Las cosas, además, se fueron liando. Los constantinopolitanos estaban más que enfadados por la injerencia de los cristianos romanos en los asuntos de los cristianos ortodoxos, y encima el recién nombrado emperador fue depuesto a su vez por otro emperador, con lo cual los cruzados vieron que allí no había forma de cobrar. O conseguían el botín por su cuenta o se iban a quedar a dos velas. Y saquearon Constantinopla.

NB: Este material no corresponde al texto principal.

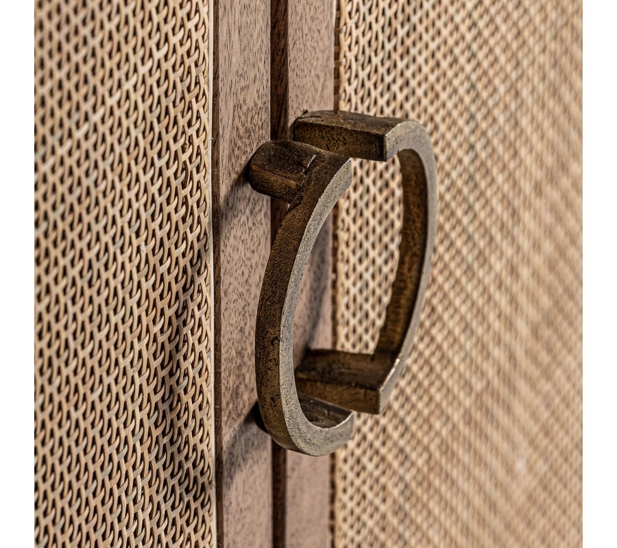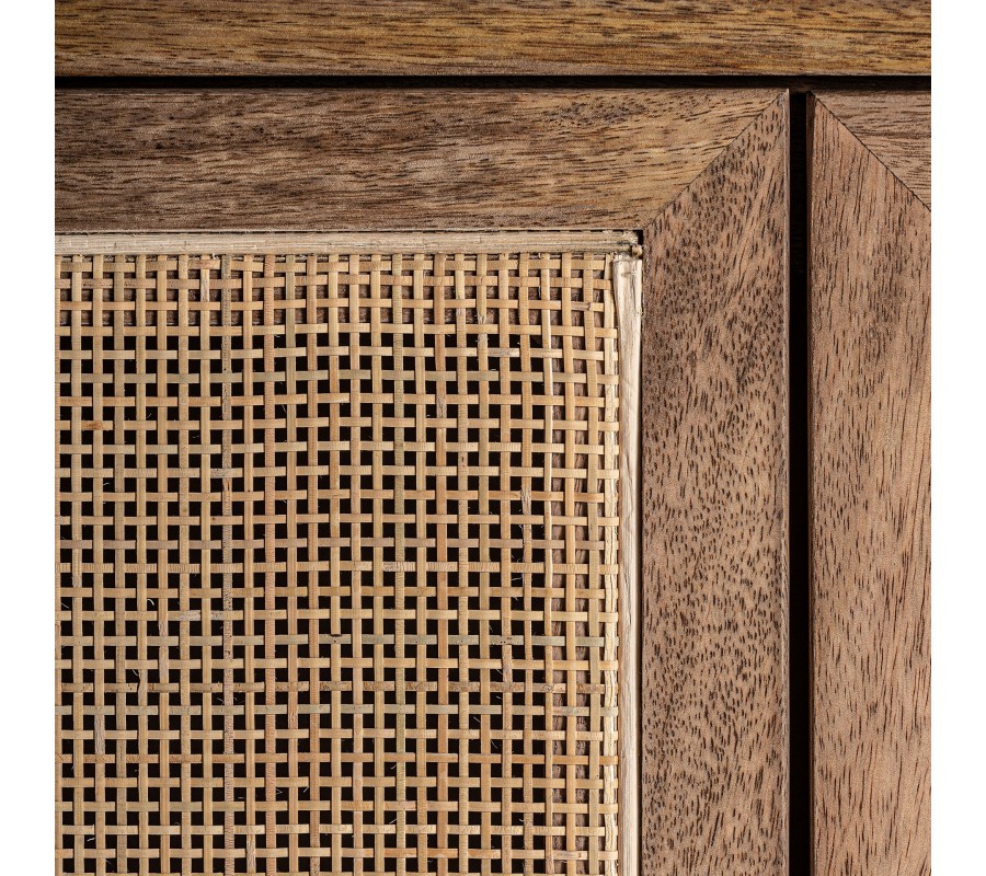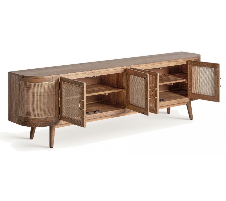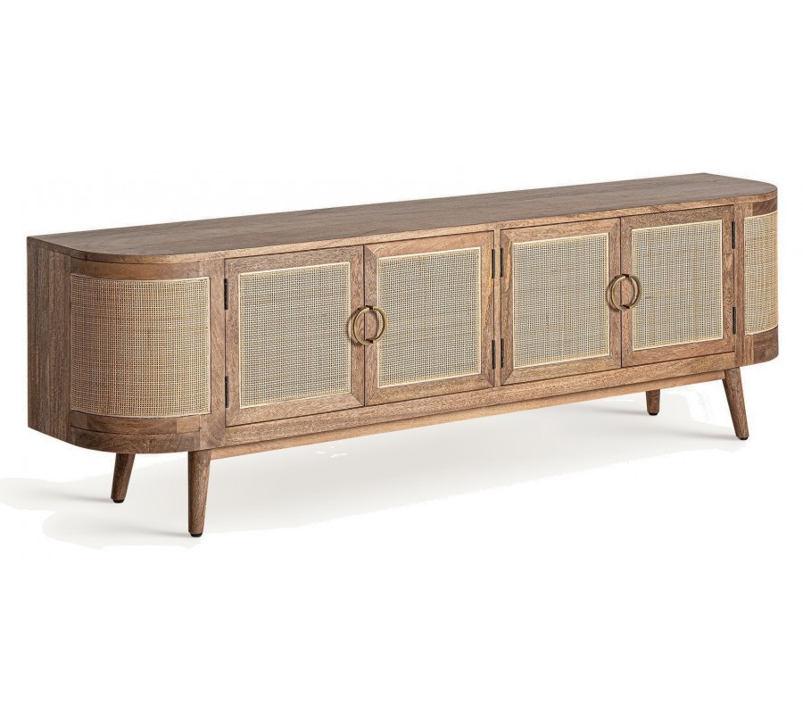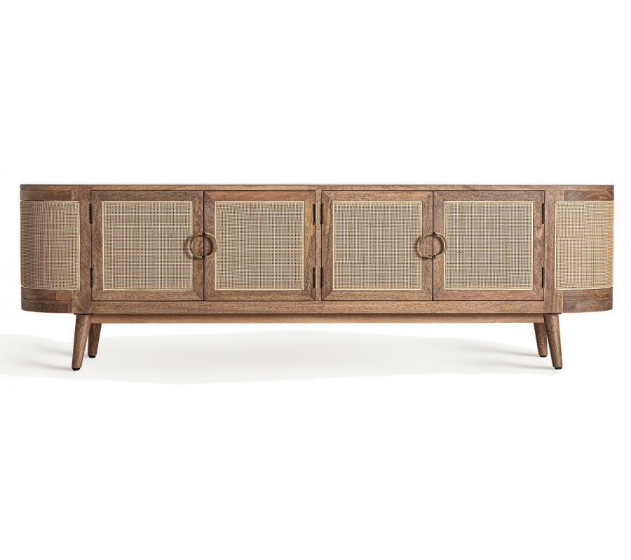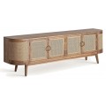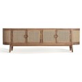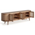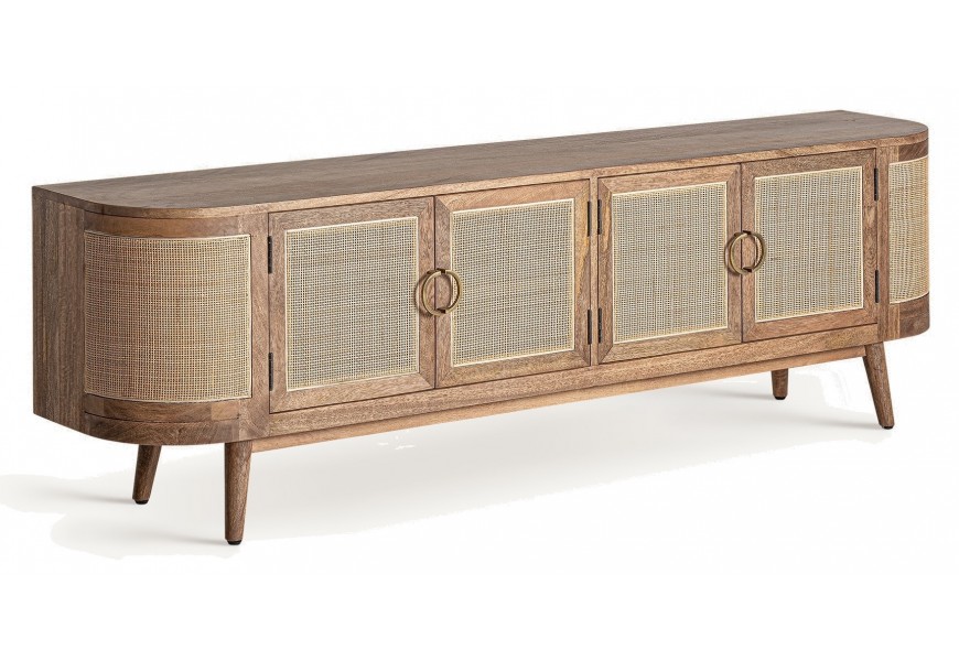 Luxusný art deco obdĺžnikový štvordverový TV stolík Vimbio z masívneho dreva v hnedej farbe s prúteným výpletom 200 cm
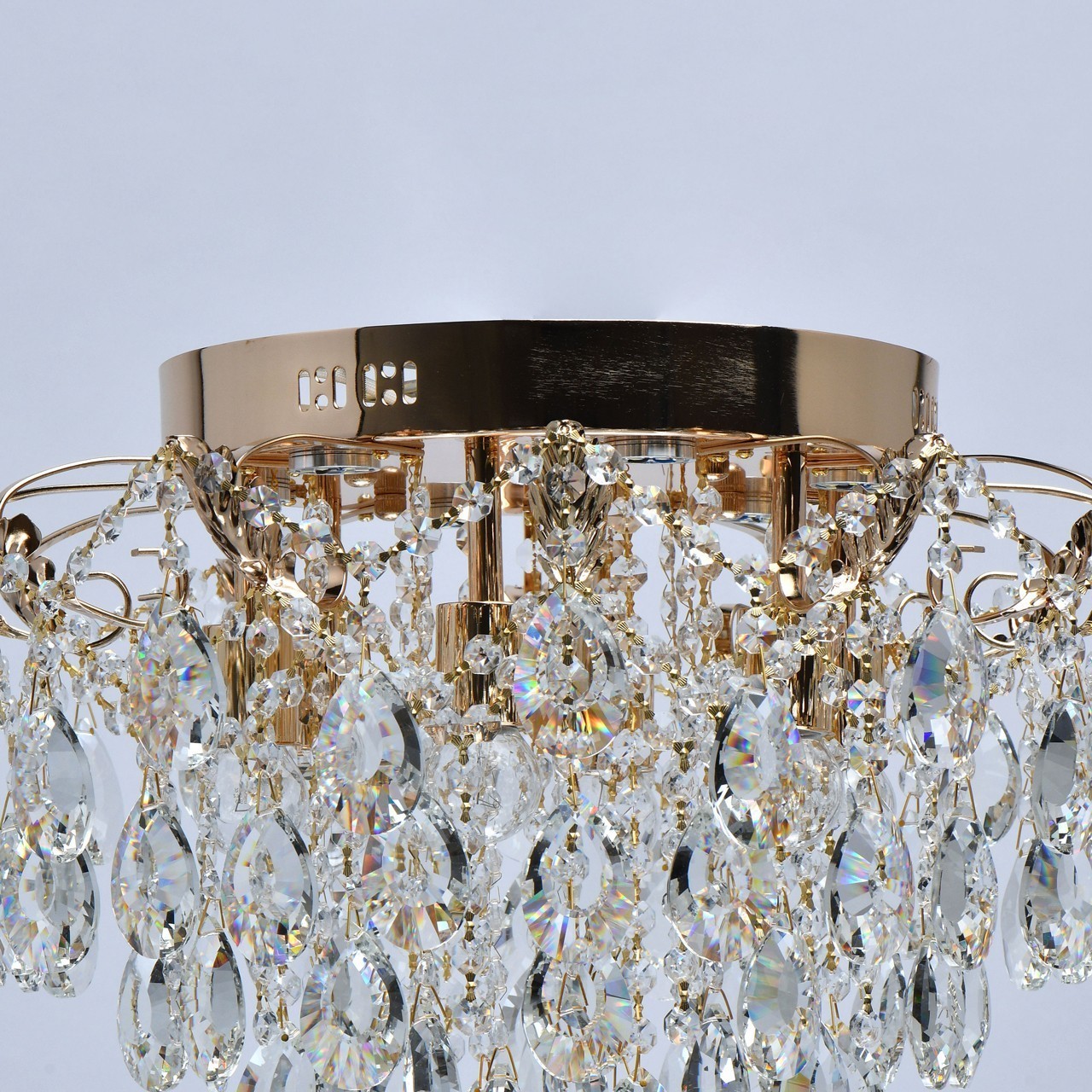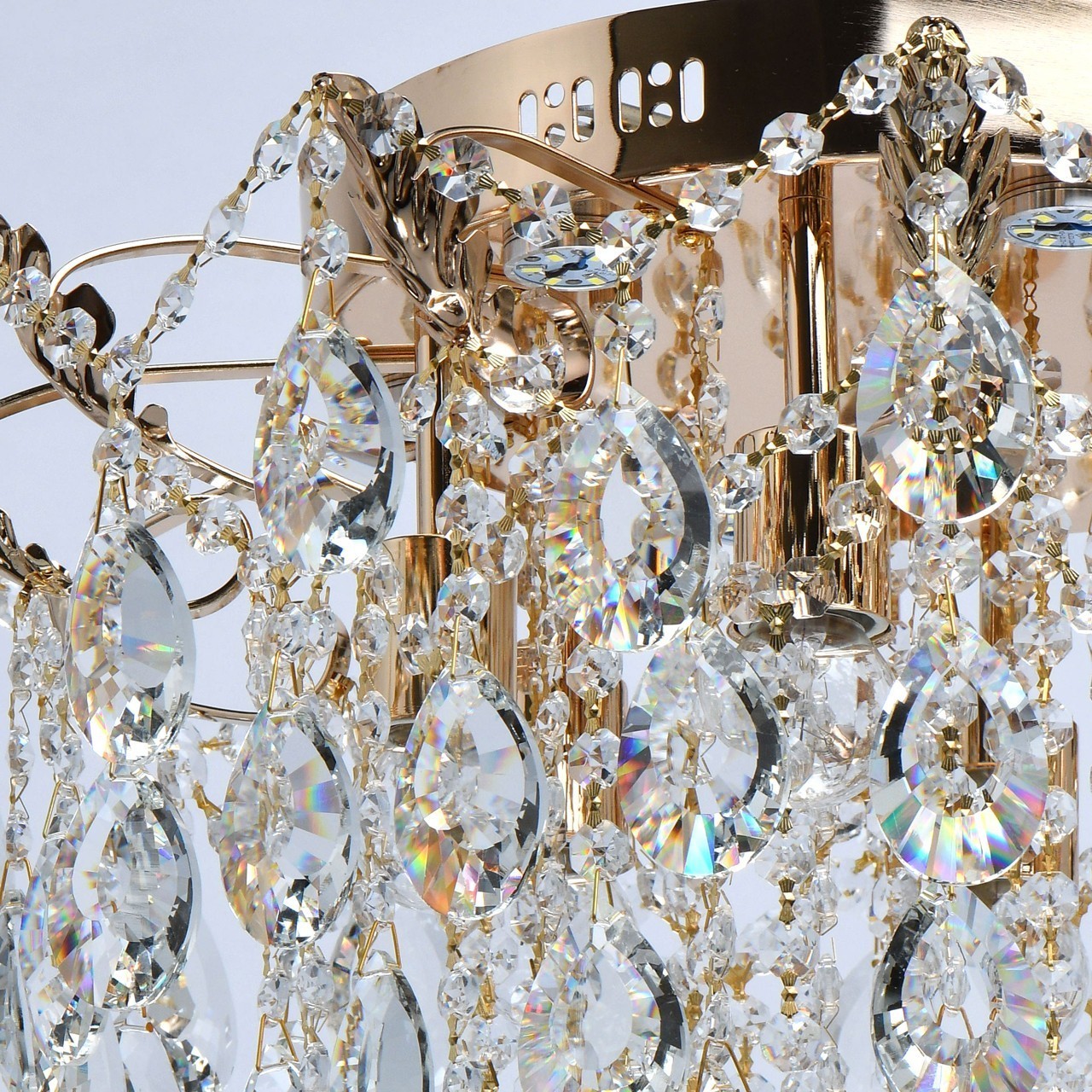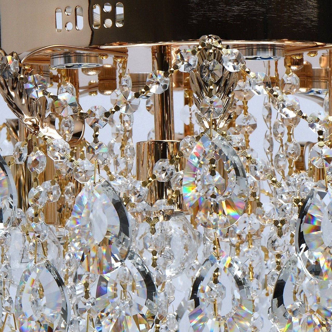 Основание светильника выполнено из сплава металла и гальванизировано в цвет золота. Светильник декорирован прозрачным хрусталем формы октагон и миндаль. Светодиодные источники света типа SMD Chip сочетаются со стандартными патронами типа Е-27.Тип помещения
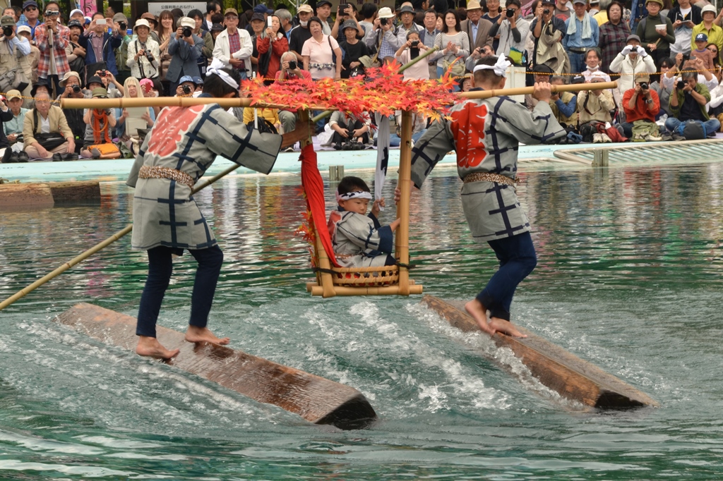 木場で材木を扱う川並の仕事の余技から発生しました。水に浮かべた角材に素足で乗り回転させる「地乗り」を基本に、数々の技術が加わり芸能として発達したものです。
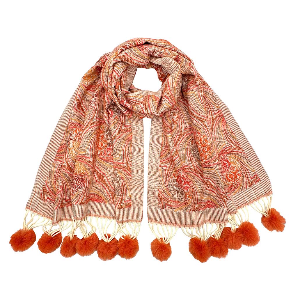 Details • Size : 23.6" X 72.8" • Material : 100% Acrylic • Add a touch of sophistication to any outfit with this beautifully patterned scarf featuring soft pom tassel accents. Its cozy, lightweight design drapes effortlessly, making it perfect for elevating everyday looks and adding stylish warmth throughout the season.
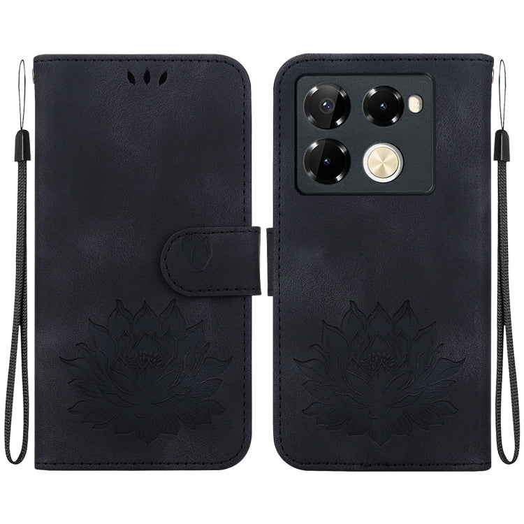 Funda de Cuero para Infinix Note 40 Pro 4G / 5G con Relieve de Loto (Negro)
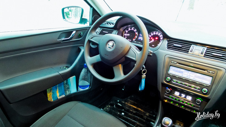 Двигатель 1.6 литра, 105 сил, явно от того же Polo Sedan, руль пластмассовый совсем, но кресла передние удобные и диапазон регулировок впечатляет. Рулевая колонка, к примеру, даже по наклону регулируется, что в бюджетном сегменте редкость. На следующий день, пересел на второй ряд сидений, приятно удивившись не только завидному пространству для колен, плечей и макушки, но и тому, что, по словам севшего за руль коллеги, ни одно из моих ворчливых замечаний не соответствовало истине в его ощущениях. Не вытерпев, я сел за руль сам, бросив взгляд на счетчик пробега – 1069 км. И что бы вы думали? Нет, Rapid не полетел, но уж точно поехал.
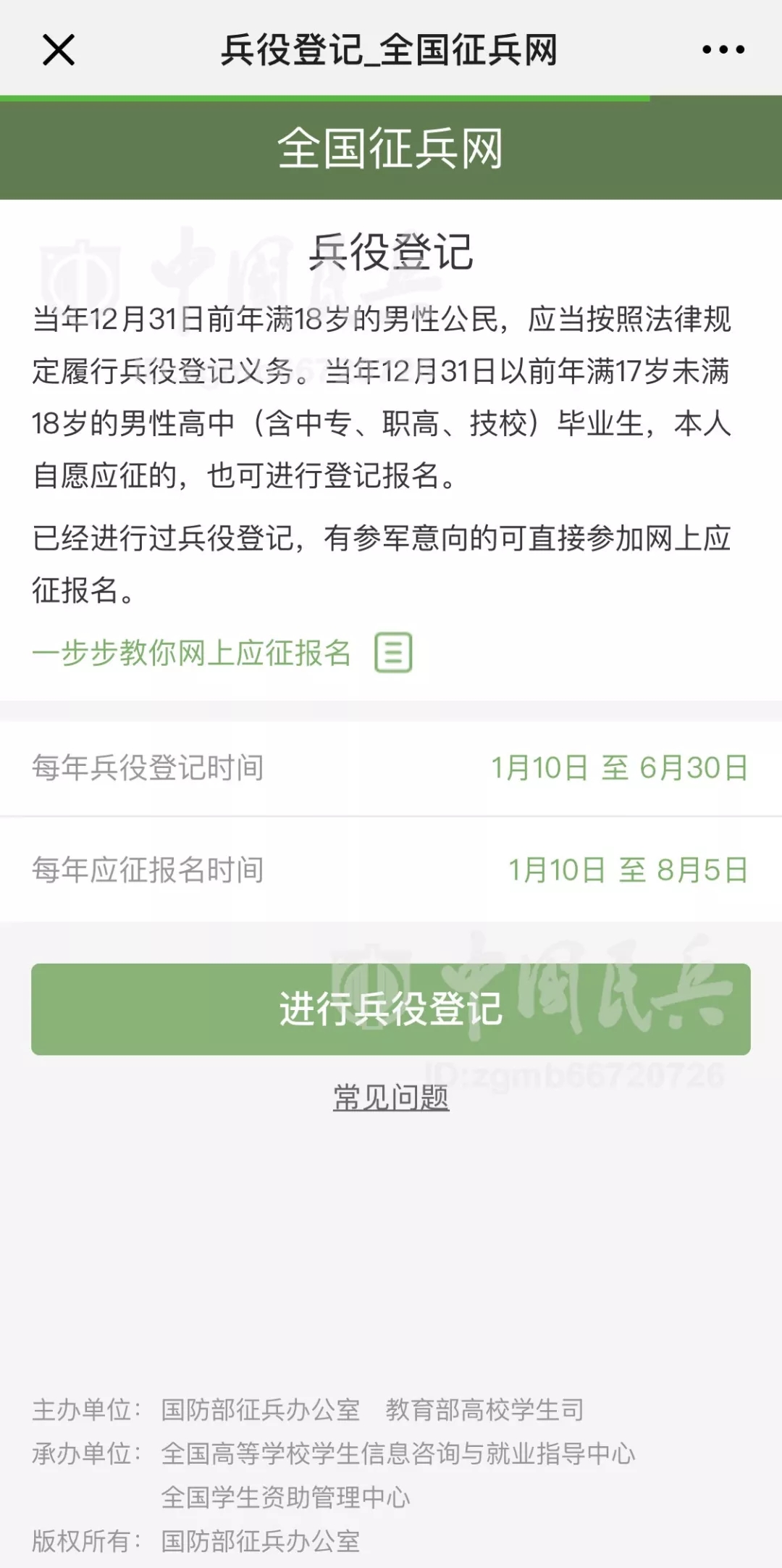 中國民兵北京1月9日電?張東華、記者劉國順報道:日前,國防部征兵辦公室下發(fā)《關(guān)于做好2019年征兵準(zhǔn)備工作的通知》,對新年度征兵準(zhǔn)備工作進(jìn)行安排部署,要求各地深入貫徹習(xí)近平強軍思想,全面聚焦備戰(zhàn)打仗,統(tǒng)籌推進(jìn)征兵組織建設(shè)、能力建設(shè)、法規(guī)建設(shè)、廉政建設(shè),確保高質(zhì)量完成新年度征兵任務(wù),并明確全國征兵網(wǎng)(網(wǎng)址:http://www.gfbzb.gov.cn),或關(guān)注“中國民兵”微信公眾號(ID:zgmb66720726)1月10日正式開通,受理網(wǎng)上兵役登記、應(yīng)征報名和政策咨詢等工作事項。

No quedó obra de arte en la ciudad ni monumento sin incendiar ni mujer sin violar. Ochocientos años tardó Roma en pedir perdón porque a sus chicos se les fue la mano.
Si es que a veces no se puede hablar contra nadie porque luego no sabes quién va a mandar. Eso le pasó a Cicerón, que la emprendió contra Marco Antonio para apoyar a Octavio, y luego resultó que Octavio y Marco Antonio se hicieron amiguetes.
El 7 de diciembre del año 43 antes de nuestra era, un grupo de centuriones le rebanaron el cuello al gran orador Cicerón, aquel que soltaba sus encendidas filípicas en el Senado romano. Este hombre tenía mucho cuajo y no se calló ni en el último momento. Dijo él: «No es correcto lo que estás haciendo, soldado, pero trata de matarme correctamente». Qué redicho.
Contado muy rápidamente: Cicerón era republicano, enemigo de la dictadura de Julio César, y por tanto odiaba a Marco Antonio, el noviete de Cleopatra, porque quiso ser el sucesor de César. Cicerón quería hundirlo, y para ello se dedicó a soltar por su boca de todo. Lo llamó bandolero, asesino, trepa… y a la vez declaró su apoyo al enemigo de Marco Antonio, a Octavio, que luego acabó siendo el primer emperador de Roma.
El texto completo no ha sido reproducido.